It sounded like a convoluted mess to begin with. If you were a partner and only had a small amount of control you were being used for financial backing. Accountants do paperwork and don't have any idea on how much time custom work takes. I don't see how an accountant can set/question pricing unless it's repetitive work. 

If you step out on your own just figure in all of your expenses, including toilet paper, and how much you would need to keep the doors open. Then figure out how much it would take to keep you interested. The old saying "too many cooks in the kitchen" applies to business very well.


----------



## straightedgellc (Jul 12, 2014)

I think you have to bid jobs to get them if you need them, but work extra hard on your marketing efforts on the side to get more leads. I read this somewhere and it stuck with me...guys read this and know this! *"you can only charge a price that you can support"* meaning you can only charge a high price if you have created options for yourself through, referrals, word of mouth, and marketing efforts. :thumbsup:


----------



## jb4211 (Jul 13, 2010)

straightedgellc said:


> "you can only charge a price that you can support" meaning you can only charge a high price if you have created options for yourself through, referrals, word of mouth, and marketing efforts. :thumbsup:


I think it could also mean that the quality should match the invoice.


----------



## Grateful_Monk (Jan 31, 2014)

Pbpaints said:


> Okay so my wife does the "office" work for my small but growing company.


Stop Right There!

Not good for business, not good for family.


----------



## straightedgellc (Jul 12, 2014)

I think it would be great for my wife to do my office work if I could find a good wife! :laughing:

She would have to do a great job but I think she would because of it contributing to the family...





painters Jacksonville FL


----------



## madmax718 (Dec 7, 2012)

Based upon the way you calculate, you really don't take complex factors into the equation. Which is good, and bad at the same time. 

Paint is expensive, even at contractor rates. I do a pretty darn good job of painting, but I take a lot of precautions that take time and money (like masking everything off, covering the floors, etc). I've had pro painters that never had a single spec drop, but I still put down covering- not worth the headaches for a few minutes of preparation. 

If you want above average paying jobs, you'll have to get a lot of word of mouth referrals. And professional image is important. Neat, clean, not smelly. Especially in the "paint and finish" category, that image is easily worth 100 bucks a day. People do notice when your tools of the trade are organized, vs a old paint bucket, even if the person with the paint bucket is the better tradesmen. 

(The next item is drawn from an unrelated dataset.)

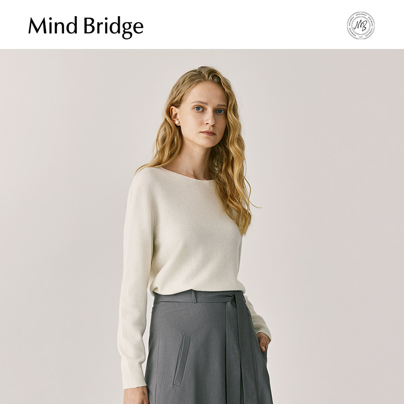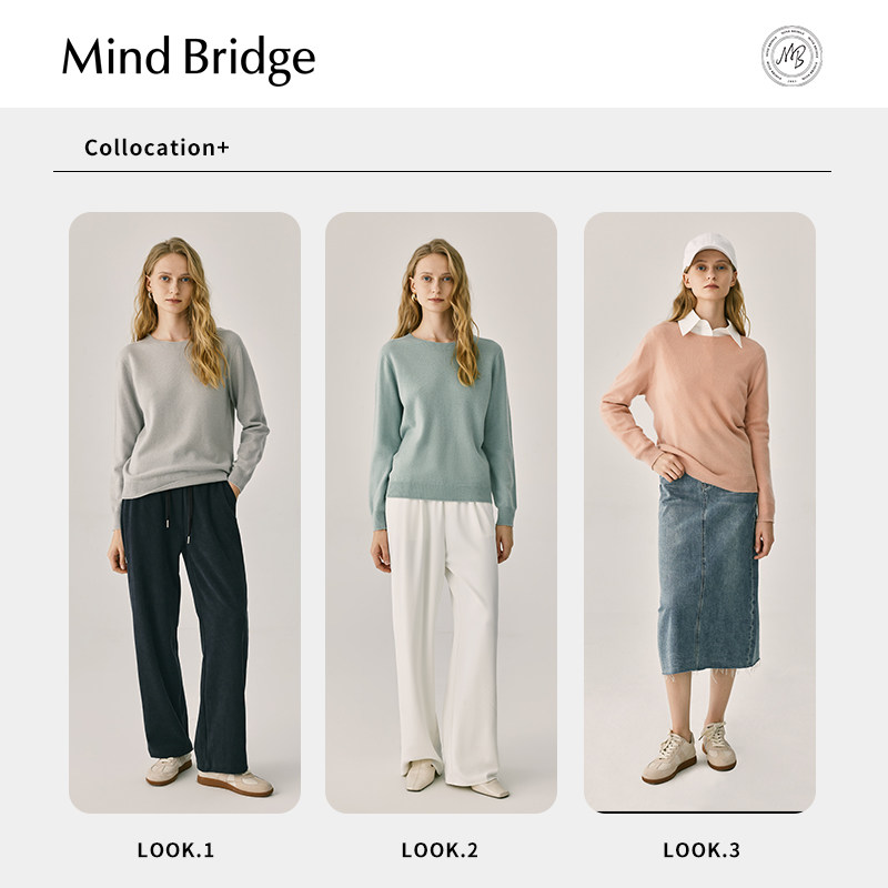 MB MindBridge【绵羊毛】2025新款圆领羊毛衫女毛衣秋季纯色针织

Price out what you think that market will support- and also price accordingly to their "timeline"- if they want you in and out in 2 days, price higher. If they are flexible, price a little lower. Give them options on paint, the number of coats, etc. 

180 for your guys is pretty decent wage. How many hours do they work a day? Figure out how many you are hiring- also keep in mind the new laws on heathcare and "paid sick days" if you go over 5 employees. 

are they 1099 or w2's? Are you withholding for them or not? You need to check with a Small business accountant, they can help you a lot more in figuring out how to do everything legally, and make some profit.


----------